When you read the phrase “managing diversity,” you might imagine the kind of sensitivity training workshop that was – rightly – a common object of ridicule in the 1980s and 90s, the kind where everyone is encouraged to appreciate each other’s differences and avoid making racist or sexist comments. In our conversation on Lincoln Avenue, Luke Visconti, one of the founders of DiversityInc, made clear that his approach to creating more diverse workplaces isn’t like that.
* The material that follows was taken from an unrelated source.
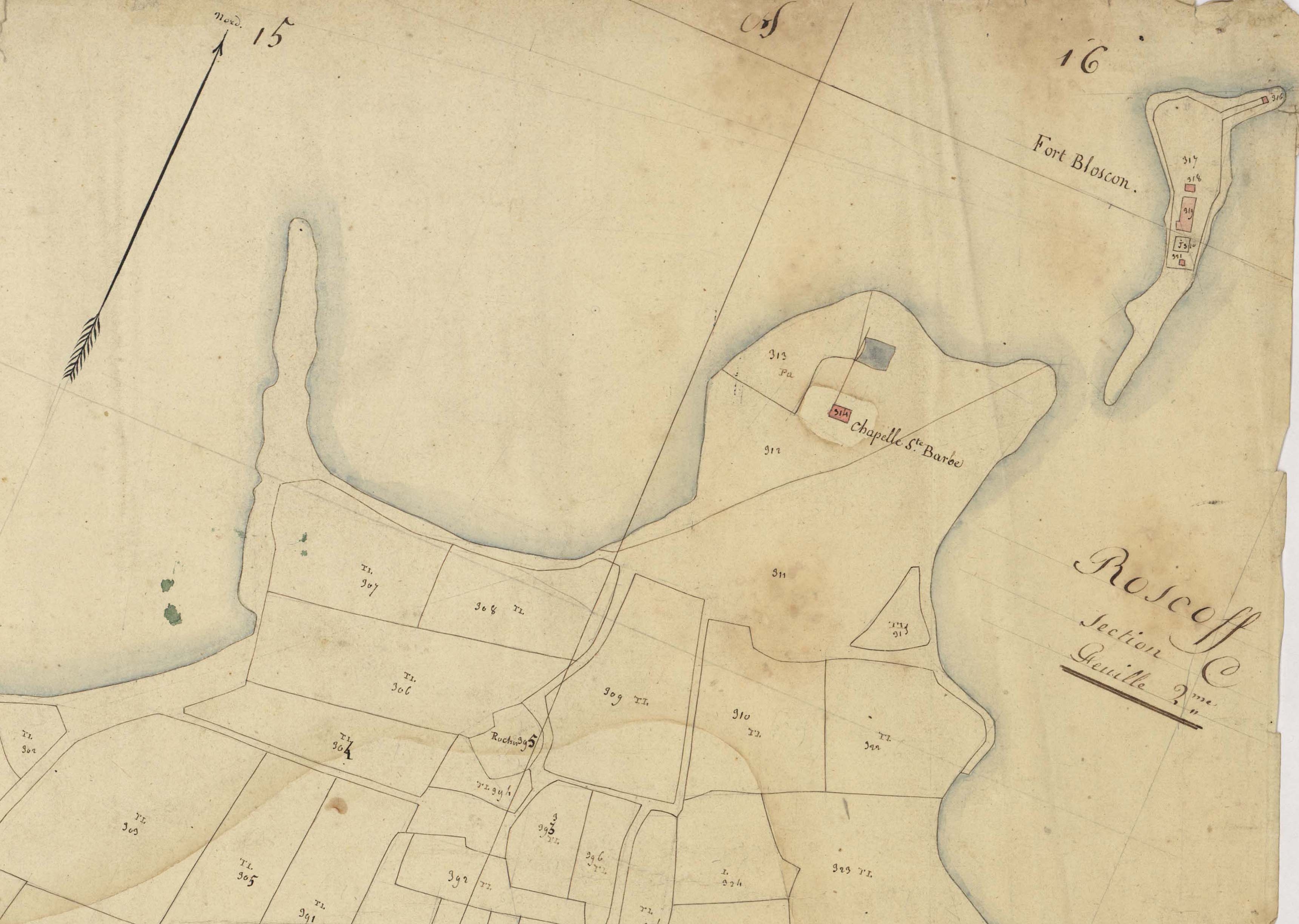 Extrait du cadastre parcellaire de Roscoff : chapelle Sainte-Barbe et fort Bloscon, 1809Immatriculation

DiversityInc publishes a magazine and manages a website that profiles businesses that have succeeded in hiring, keeping, and promoting women, people of color, and gays and lesbians. He told me, as well as the audience at YSU’s annual Diversity Leadership dinner, that the key to creating productively diverse workplaces isn’t about eliminating overt discrimination but about addressing the obstacles that too often keep talented workers from being promoted. Yes, those barriers can be a matter of attitudes, though Visconti insists that he doesn’t think that most employers or colleagues are racists or sexist (though he acknowledges the persistence of homophobia). They simply aren’t aware of how their own habits and assumptions might exclude others. As he explains in tonight’s interview, companies often benefit from recognizing patterns of exclusion and from some basic, often common-sense advice, such as don’t penalize women for taking maternity leave, or simply making your company’s commitment to diversity a strong theme in how you present your business.
Visconti’s positive approach makes sense. We can’t promote real equal opportunity on the basis of guilt; we have to make clear how discrimination harms not only those who are its objects but also those who enact it. And I’m always happy to see discussions of diversity being led by straight, white men – those who, it would seem, have the least to gain from it. In his blog, Ask the White Guy, Visconti encourages people to ask questions that they might not be comfortable either asking within their own companies or to someone who is different from themselves.
All of this seems like a move in a good direction. My diversity skepticism kicked in, though, when Visconti explained his business model, which uses statistical analysis to show companies how well (or poorly) they’re doing and offers consulting services and information to help them do better. That feels a little like a gotcha game. No doubt, companies and organizations need help. Maybe I’m too idealistic, but I’m a little uncomfortable with the idea that promoting diversity has itself become a way to make money. I hope that DiversityInc and other companies like it, with the help of all of my colleagues who teach about diversity in schools and colleges and who organize community-based efforts to fight inequality, will succeed enough that they create their own obsolescence.